NEW YORK (Reuters) – Railroads are clamping down on rising demand from oil companies to store crude in rail cars due to safety concerns, sources said, even as the number of places available to stockpile oil is rapidly dwindling.
Oil demand is expected to drop by roughly 30% this month worldwide due to the worsening coronavirus pandemic, and supplies are increasing even as Saudi Arabia and Russia hammer out an agreement to cut worldwide output. Storage is filling rapidly as refiners reduce processing and U.S. exports fall.
Globally, storage space for crude could run out by mid-2020, according to IHS Markit, and most U.S. onshore storage capacity is expected to fill by May, traders and analysts said.
However, railroads including Union Pacific and BNSF, owned by billionaire Warren Buffett, are telling oil shippers that they do not want them to move loaded crude trains to private rail car storage facilities on their tracks due to safety concerns, three sources in the crude-by-rail industry said.
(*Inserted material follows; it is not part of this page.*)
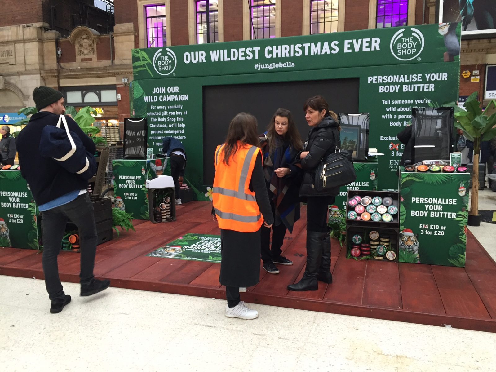 The aim was to create an engaging space that would entice people walking through Victoria Station to buy a body butter and get it personalised for free as a Christmas gift.

The railroads are telling clients that tank cars are not a prudent long-term storage mechanism for a hazardous commodity such as crude, and do not want to put a loaded crude oil unit train in a private facility and potentially create a safety hazard, they said.
Federal rules typically only allow crude in rail cars to be stored on private tracks. There is no federal data on how much oil is regularly put in rail storage, but analysts said it is very little.
“Most federal regulations require rail cars loaded with … crude oil to be moved promptly within 48 hours. Therefore, federal regulations discourage shippers and railroads from leaving crude oil in transportation for an extended time,” transportation lawyers at Clark Hill LLC wrote in an article Thursday.
BNSF did not respond to several requests for comment. Union Pacific declined to comment.
Nearly 142 million barrels of crude moved via rail in the U.S. in 2019, representing about 10% of what is transported via pipelines, according to the U.S. Energy Department. Unit trains, made up entirely of tank cars, can carry around 60,000-75,000 barrels.
Even on smaller or mid-sized railroads, known as shortlines, there may be capacity constraints or insurance coverage may not be adequate, the railroads have said, advising rail companies not to store oil.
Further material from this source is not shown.